Wild Ones by Jon Mooallem
The subtitle of Mooallem's book about wildlife conservation is "A Sometimes Dismaying, Weirdly Reassuring Story About Looking at People Looking at Animals in America" (this gets my vote for Subtitle of the Year, by the way). Nothing says "conservation" quite like a spotlit polar bear trapped in a glass case. The cover is simultaneously simple, complex, beautiful, and horrible in its meaning.
The Accursed by Joyce Carol Oates
Design by Allison Saltzman
Using a detail from Giovanni Boldini's Profile of a Young Woman, designer Allison Saltzman focuses our attention on the exposed, alabaster-white neck—appropriate, given the fact that Oates' big novel about turn-of-the-century Princeton includes vampires in its cast of characters (along with Woodrow Wilson, Jack London and Mark Twain). One of the other things I love about this cover is how Saltzman echoes the bunch of lavender in the title's font color, with the blood-red of the author's name coming between them. For such a beautiful art design, there's a lot of underlying tension at work here.
Manson by Jeff Guinn
You were expecting the beard and the crazy-eyes, weren't you? No, for this biography, we get a curious, atypical photo of the titular monster. The unsettling school photo, along with the yellow crime scene tape, works well to dash our image of Manson.This book about hearing loss gets a nicely metaphorical treatment for its cover. Bouton, an editor at the New York Times, describes how she slowly went deaf—she was, as she puts it, “the kind of person who might have used an ear trumpet in the nineteenth century.” As the title and cover design imply, to the hearing impaired, our efforts to understand and help are no better than if we were screaming underwater. One other thing—and maybe I'm reaching here—but it looks like the upper half of the submerged woman's head is an island—further indicative of Bouton's isolation.
Johnny Cash by Robert Hilburn
Design by Julianna Lee
The cigaretted face dominates the cover, as well it should since the Man was almost too large for his own life.

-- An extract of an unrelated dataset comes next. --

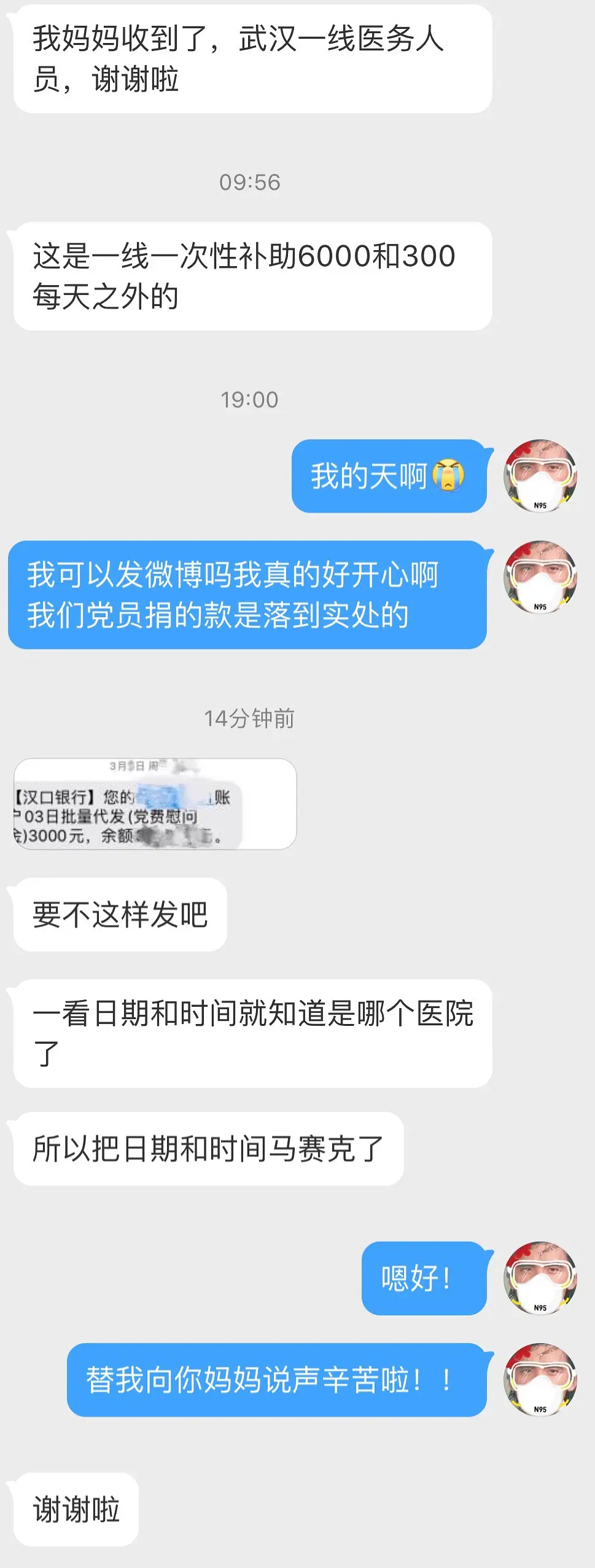之前党员捐的款,原来都作为“慰问金”发放给一线人员啦

The Ocean at the End of the Lane by Neil Gaiman
Design by Adam Johnson
I'm a sucker for artistic photos of people suspended in mid-water (see also: Tethered by Amy MacKinnon) and this one used for Neil Gaiman's beautiful adult fairy tale completely captivated me from the start. There is such sublime perfection in this cover design, I hardly know where to begin: The icy chill of the blue? The way the title is set off by the blurred oval? The stark white of the font? That cloudy net of bubbles coming from the girl's mouth? As good as Gaiman's prose may have been (and it was very good), I couldn't stop closing the book and gazing with lovesick sighs at this cover.
Tinderbox by Lisa Gornick
Design by Rodrigo Corral
Okay, admit it—you want to know what a toy triceratops is doing playing with matches, don't you? So do I. It's enough to get us inside this novel about what Daniel Menaker calls "the story of a family undergoing seismic changes brought on by a stranger who unwittingly forces her hosts to face themselves." That calm pink border belies the incendiary tension within these pages.
Fosse by Sam Wasson
Design by Martha Kennedy
Can't you just hear Bob Fosse exclaiming, "It's showtime, folks!"? The legendary choreographer, director and actor deservedly gets the spotlight in Wasson's biography. The cover also seems to catch Fosse in the spotlight, beckoning to an unlit stage. The only thing that would have made this cover any better is if the F-O-S-S-E were made of blinking lights.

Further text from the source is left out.